%%
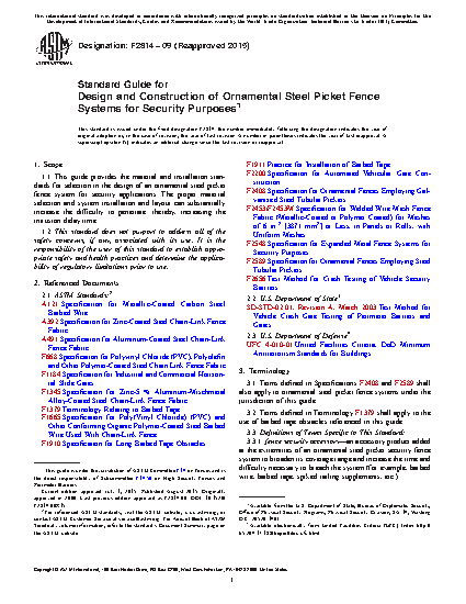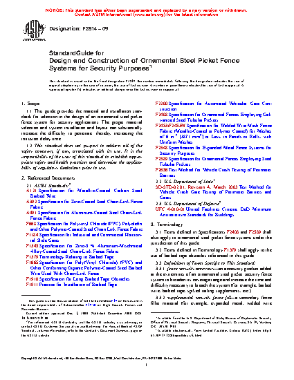 1.1 This guide covers the material and installation standards for selection in the design of an ornamental steel picket fence system for security applications. The proper material selection and system installation and layout can substantially increase the difficulty to penetrate; thereby, increasing the intrusion delay time.
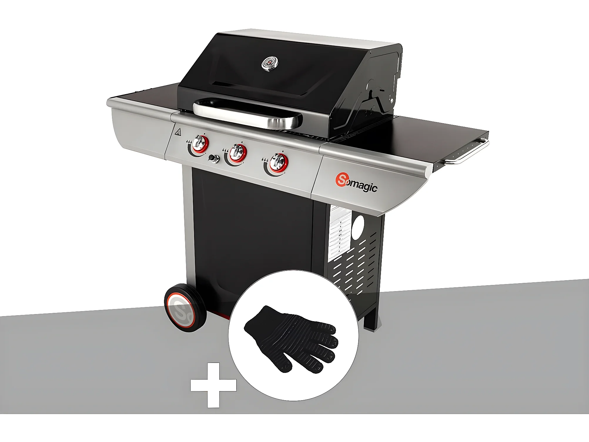Barbecue à gaz avec chariot 3 brûleurs Manhattan 300S - Somagic + Gant de protection
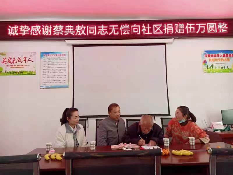 11月26日,家住京山市新市街道鳳凰堰居民點(diǎn)的愛(ài)心老干部蔡典敖及其家屬一行到鳳凰堰社區(qū)進(jìn)行無(wú)償愛(ài)心捐贈(zèng)5萬(wàn)元。 (老干部無(wú)償愛(ài)心捐贈(zèng))“年過(guò)九十的蔡爺爺是我們社區(qū)的一位退休老干部,雖然每月有固定的退休
%%
#### Task description
Output exactly the span of lines from the top of the listing through the line holding "Barbecue à gaz", and leave every picture out.

#### Solution to this problem
 1.1 This guide covers the material and installation standards for selection in the design of an ornamental steel picket fence system for security applications. The proper material selection and system installation and layout can substantially increase the difficulty to penetrate; thereby, increasing the intrusion delay time.
Barbecue à gaz avec chariot 3 brûleurs Manhattan 300S - Somagic + Gant de protection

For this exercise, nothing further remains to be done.